Problem to work on:
Using the listing below, copy exactly each line from the one that has "Потом поиграли в" through the one that has "見(jiàn)面會(huì)"; omit the pictures.

Task inputs:
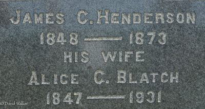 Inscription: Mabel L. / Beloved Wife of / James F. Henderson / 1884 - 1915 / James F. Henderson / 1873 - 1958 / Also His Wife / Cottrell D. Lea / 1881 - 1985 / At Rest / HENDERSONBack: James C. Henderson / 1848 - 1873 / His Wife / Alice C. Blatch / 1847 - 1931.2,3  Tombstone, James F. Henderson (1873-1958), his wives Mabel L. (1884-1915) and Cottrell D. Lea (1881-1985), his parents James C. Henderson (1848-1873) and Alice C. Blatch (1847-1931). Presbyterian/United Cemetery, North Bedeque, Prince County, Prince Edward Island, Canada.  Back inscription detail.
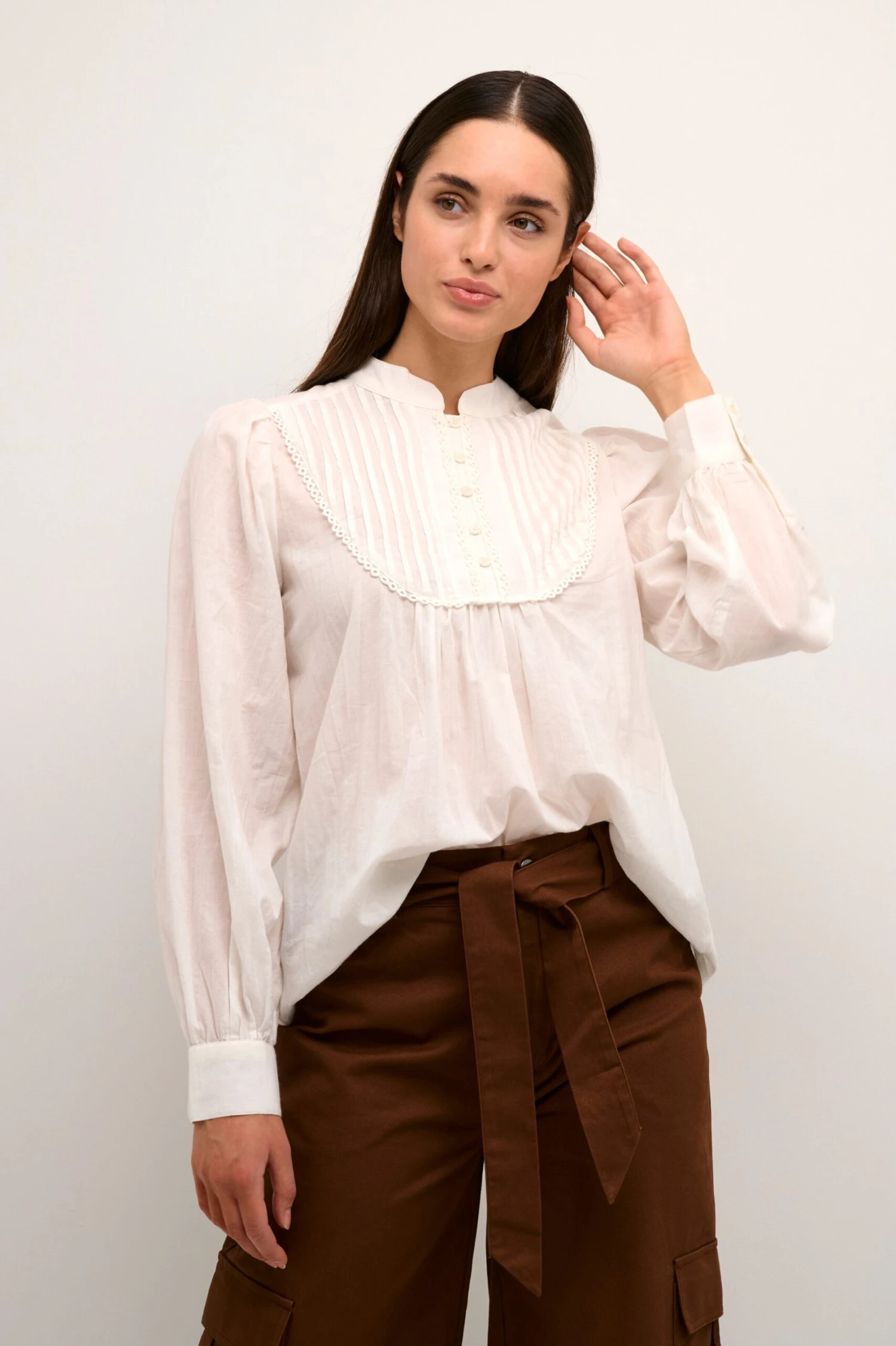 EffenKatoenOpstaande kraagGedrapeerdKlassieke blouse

* * *

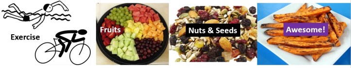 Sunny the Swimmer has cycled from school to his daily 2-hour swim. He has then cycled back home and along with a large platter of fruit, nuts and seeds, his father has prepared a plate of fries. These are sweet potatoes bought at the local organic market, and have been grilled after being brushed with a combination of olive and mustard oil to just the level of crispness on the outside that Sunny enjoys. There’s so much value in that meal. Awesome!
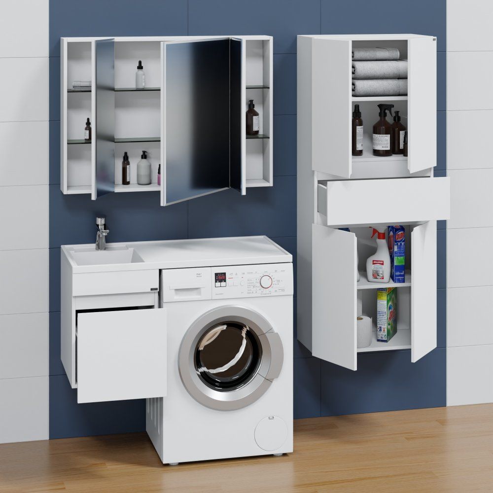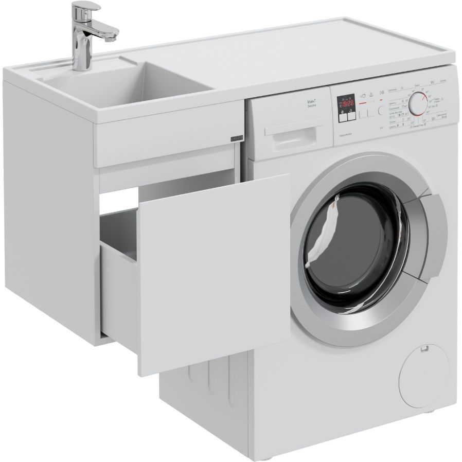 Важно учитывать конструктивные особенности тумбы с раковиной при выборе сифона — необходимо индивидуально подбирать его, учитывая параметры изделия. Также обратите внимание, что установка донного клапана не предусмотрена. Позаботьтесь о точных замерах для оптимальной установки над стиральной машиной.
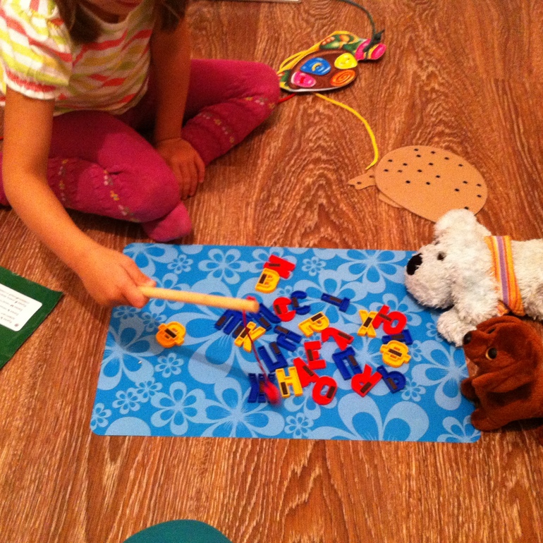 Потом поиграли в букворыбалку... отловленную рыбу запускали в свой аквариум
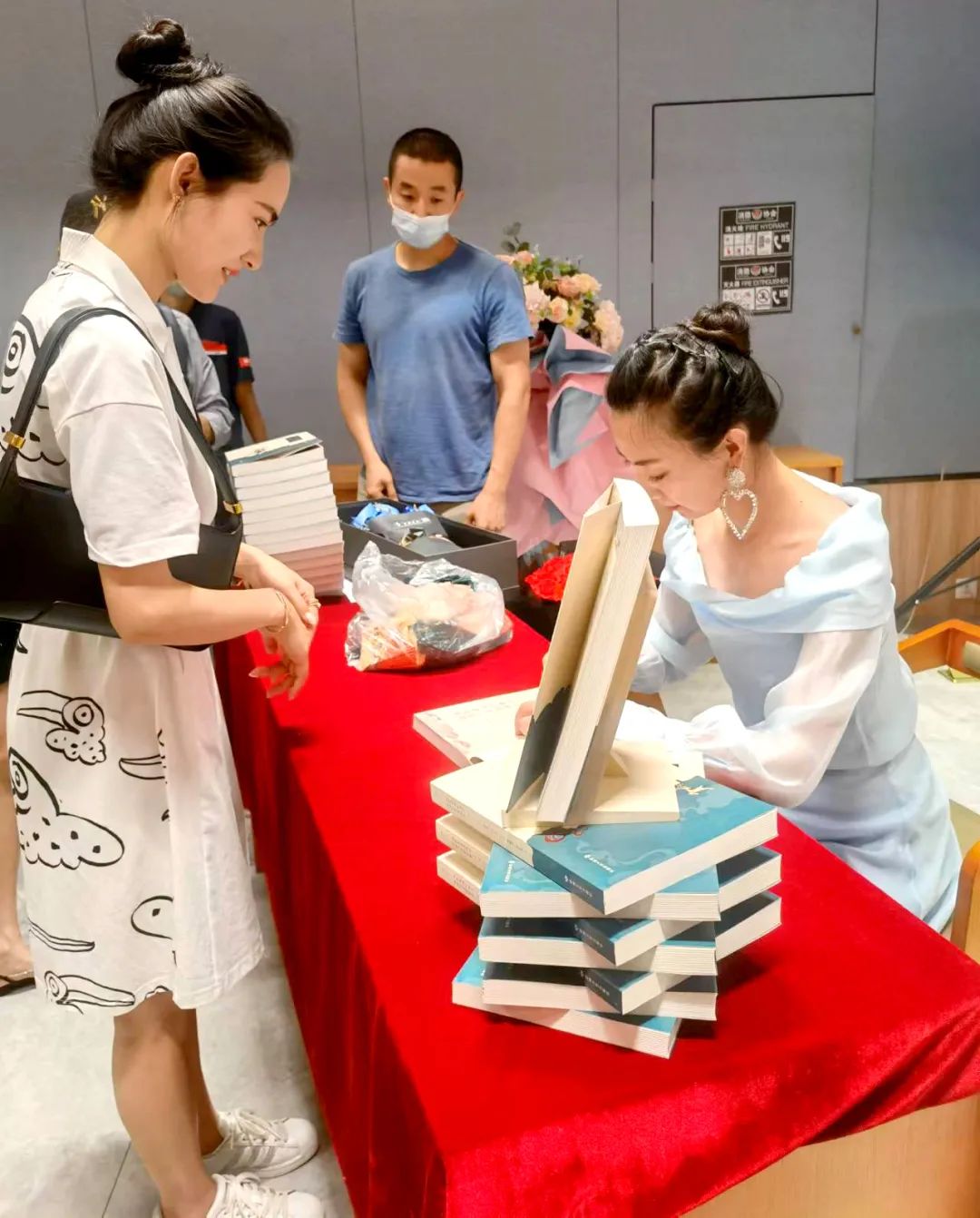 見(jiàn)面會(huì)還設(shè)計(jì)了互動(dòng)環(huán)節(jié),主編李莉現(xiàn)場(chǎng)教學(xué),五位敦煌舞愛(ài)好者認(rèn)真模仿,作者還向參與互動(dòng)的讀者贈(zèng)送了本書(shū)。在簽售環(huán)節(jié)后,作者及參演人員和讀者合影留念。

Solution for this task:
 Потом поиграли в букворыбалку... отловленную рыбу запускали в свой аквариум
 見(jiàn)面會(huì)還設(shè)計(jì)了互動(dòng)環(huán)節(jié),主編李莉現(xiàn)場(chǎng)教學(xué),五位敦煌舞愛(ài)好者認(rèn)真模仿,作者還向參與互動(dòng)的讀者贈(zèng)送了本書(shū)。在簽售環(huán)節(jié)后,作者及參演人員和讀者合影留念。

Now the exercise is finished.